I have bisected a kernel issue where octeontx (CN803x) will hang on
reboot caused by commit c0db06fd0993 ("mmc: core: Disable card detect
during shutdown"). This commit made it into 5.16 and stable kernels.
I've found that the patch here which is commit 2b2cd74a06c3 resolves
this hang but I'm not entirely clear why.

Does anyone have a good explanation of why the hang occurs in the
first place and why this resolves it? I would like to get the proper
fix into the affected stable branches.

Best Regards,

Tim

2023-02-28 23:24:21

by Marc Zyngier

[permalink] [raw]
Subject: Re: [RFC PATCH] irqchip/gic-v3: Claim iomem resources

On Tue, 28 Feb 2023 23:11:15 +0000,
Tim Harvey <[email protected]> wrote:
>
> I have bisected a kernel issue where octeontx (CN803x) will hang on
> reboot caused by commit c0db06fd0993 ("mmc: core: Disable card detect
> during shutdown"). This commit made it into 5.16 and stable kernels.
> I've found that the patch here which is commit 2b2cd74a06c3 resolves
> this hang but I'm not entirely clear why.
>
> Does anyone have a good explanation of why the hang occurs in the
> first place and why this resolves it? I would like to get the proper
> fix into the affected stable branches.

Wild guess: the reservation prevents some other driver from probing
because the firmware describes overlapping ranges, and that driver is
what is causing your above hang.

But you don't give much information that would allow this theory to be
checked. I guess you'll have to instrument your kernel and find out.

M.

--
Without deviation from the norm, progress is not possible.

2023-03-01 16:13:11

by Robin Murphy

[permalink] [raw]
Subject: Re: [RFC PATCH] irqchip/gic-v3: Claim iomem resources

On 2023-02-28 23:22, Marc Zyngier wrote:
> On Tue, 28 Feb 2023 23:11:15 +0000,
> Tim Harvey <[email protected]> wrote:
>>
>> I have bisected a kernel issue where octeontx (CN803x) will hang on
>> reboot caused by commit c0db06fd0993 ("mmc: core: Disable card detect
>> during shutdown"). This commit made it into 5.16 and stable kernels.
>> I've found that the patch here which is commit 2b2cd74a06c3 resolves
>> this hang but I'm not entirely clear why.
>>
>> Does anyone have a good explanation of why the hang occurs in the
>> first place and why this resolves it?

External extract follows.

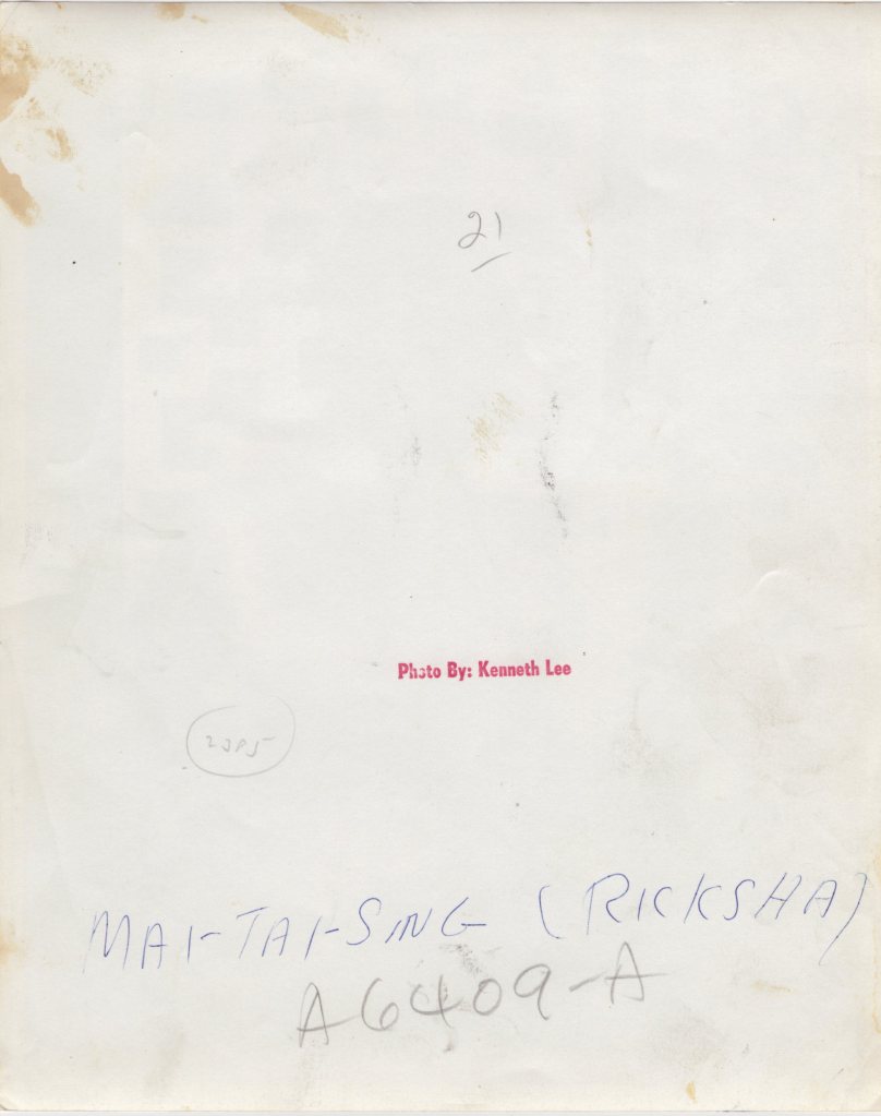 This vintage press photo features pretty American actress and businesswoman, Mai Tai Sing (1923-2018). She was born in California but spent much of her younger years in Hong Kong. She and her family moved back to California when she was about fourteen years of age. One of her first jobs was as a waitress at the Forbidden City nightclub. Her experience there sparked her interest in performing. In the early 1940’s she became a chorus girl there. She met Wilbur and Jessie Tai Sing, a dancing duo at the club. She not only replaced Jessie in the act, but also married Wilbur. In 1953, she appeared with Tony Curtis in the film, “Forbidden”. Her last film role was in “Strange Portrait”. She became romantically involved with the film’s star, Jeffry Hunter. In the 1950’s and 1960’s she also performed in television roles. Mai Tai was also involved with nightclub management. She ran a club in San Francisco named “The Rickshaw”. In the 1970’s, she relocated to Hawaii. She managed clubs there for 28 years and retired in 2003. The IMDb gives her 9 film and television credits between 1951 and 1990. Mai Tai was a pioneering Asian American actress. She did not play stereotypical Asian roles or speak in stereotypical broken pidgin English. This vintage press photo has Mai Tai Sing’s name printed on it’s reverse as well as the word “Rickshaw”. There is little doubt that this photograph was taken at the Rickshaw nightclub, where Mai Tai was hostess and manager. The photographer is identified as Kenneth Lee. His name is ink stamped on the reverse of the photo. SOLD

I would like to get the proper
>> fix into the affected stable branches.
>
> Wild guess: the reservation prevents some other driver from probing
> because the firmware describes overlapping ranges, and that driver is
> what is causing your above hang.

Indeed, according to [1], the GIC appears to overlap one of the "PCIe"
windows of &ecam0, which conveniently appears to be the parent of the
MMC controller as well.

Robin.

[1]
https://github.com/Gateworks/dts-newport/blob/sdk-10.1.1.0-newport/cn81xx-linux.dtsi

2023-03-01 16:24:20

by Marc Zyngier

[permalink] [raw]
Subject: Re: [RFC PATCH] irqchip/gic-v3: Claim iomem resources

On Wed, 01 Mar 2023 16:12:58 +0000,
Robin Murphy <[email protected]> wrote:
>
> On 2023-02-28 23:22, Marc Zyngier wrote:
> > On Tue, 28 Feb 2023 23:11:15 +0000,
> > Tim Harvey <[email protected]> wrote:
> >>
> >> I have bisected a kernel issue where octeontx (CN803x) will hang on
> >> reboot caused by commit c0db06fd0993 ("mmc: core: Disable card detect
> >> during shutdown"). This commit made it into 5.16 and stable kernels.
> >> I've found that the patch here which is commit 2b2cd74a06c3 resolves
> >> this hang but I'm not entirely clear why.
> >>
> >> Does anyone have a good explanation of why the hang occurs in the
> >> first place and why this resolves it? I would like to get the proper
> >> fix into the affected stable branches.
> >
> > Wild guess: the reservation prevents some other driver from probing
> > because the firmware describes overlapping ranges, and that driver is
> > what is causing your above hang.
>
> Indeed, according to [1], the GIC appears to overlap one of the "PCIe"
> windows of &ecam0, which conveniently appears to be the parent of the
> MMC controller as well.

Huh, quality firmware. So clearly nothing to backport. Just a DT
update to distribute... :-/

M.

--
Without deviation from the norm, progress is not possible.

2023-03-01 17:29:36

by Tim Harvey

[permalink] [raw]
Subject: Re: [RFC PATCH] irqchip/gic-v3: Claim iomem resources

On Wed, Mar 1, 2023 at 8:13 AM Robin Murphy <[email protected]> wrote:
>
> On 2023-02-28 23:22, Marc Zyngier wrote:
> > On Tue, 28 Feb 2023 23:11:15 +0000,
> > Tim Harvey <[email protected]> wrote:
> >>
> >> I have bisected a kernel issue where octeontx (CN803x) will hang on
> >> reboot caused by commit c0db06fd0993 ("mmc: core: Disable card detect
> >> during shutdown"). This commit made it into 5.16 and stable kernels.
> >> I've found that the patch here which is commit 2b2cd74a06c3 resolves
> >> this hang but I'm not entirely clear why.
> >>
> >> Does anyone have a good explanation of why the hang occurs in the
> >> first place and why this resolves it? I would like to get the proper
> >> fix into the affected stable branches.
> >
> > Wild guess: the reservation prevents some other driver from probing
> > because the firmware describes overlapping ranges, and that driver is
> > what is causing your above hang.
>
> Indeed, according to [1], the GIC appears to overlap one of the "PCIe"
> windows of &ecam0, which conveniently appears to be the parent of the
> MMC controller as well.
>
> Robin.
>
> [1]
> https://github.com/Gateworks/dts-newport/blob/sdk-10.1.1.0-newport/cn81xx-linux.dtsi

Robin and Marc,

Thanks! Yes, this patch exposes an issue in my dt which ends up
killing off ecam0 thus hiding the original 'hang on reboot' issue I
was trying to find related to mmc with a quick bisect.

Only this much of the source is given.